Driven mad by the White Continent

Universal History Archive/Universal Images Group/Getty Images

In 1897, the Belgian ship Belgica was trapped by Antarctic pack ice for “70 days of darkness”, says Julian Sancton in GQ. The frozen waste proved “an inherently maddening place”. Jittery deckhand Jan Van Mirlo passed a crewmate a note saying: “I can’t hear, I can’t speak!” Then he began threatening to murder the crew. A Norwegian called Adam Tollefsen became convinced his companions wanted him dead (His fellow Norwegian crewman, Roald Amundsen, later led the first expedition to reach the South Pole.) He wrote fretful letters to his beloved “Agnes” and placed them “in a mound of snow that resembled a mailbox”.

“What is it about the southernmost continent that makes people go insane?” Scholars put “polar madness” down to the cold and the dark, which can disrupt circadian rhythms and hormonal balances, as well as isolation, confinement and monotony. Writers from Jules Verne to Edgar Allen Poe see “a correspondence between the highest latitudes of the earth and the deepest corners of the mind”.

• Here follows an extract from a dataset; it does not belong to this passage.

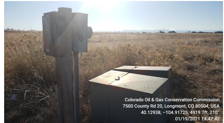
Photo 6 Meter box and transformers

Whatever the cause, solutions hardly abound. At the other end of the world, in northern Greenland, western doctors occasionally treated a mysterious Inuit “hysteria” with mustard water. (From the 1890s until the 1920s, dozens of Inuits, especially women, were recorded tearing off their clothes aboard vessels in -40C temperatures, screaming and running for miles along the ice.) A study of 313 men and women at Antarctica’s McMurdo Station in the 1990s revealed that 5.2% developed a psychiatric disorder: all were screened and declared sane before they arrived. As early as 1928, the “madness” that drove men to violence was deemed so likely that the polar explorer Richard Byrd packed two coffins and 12 straightjackets.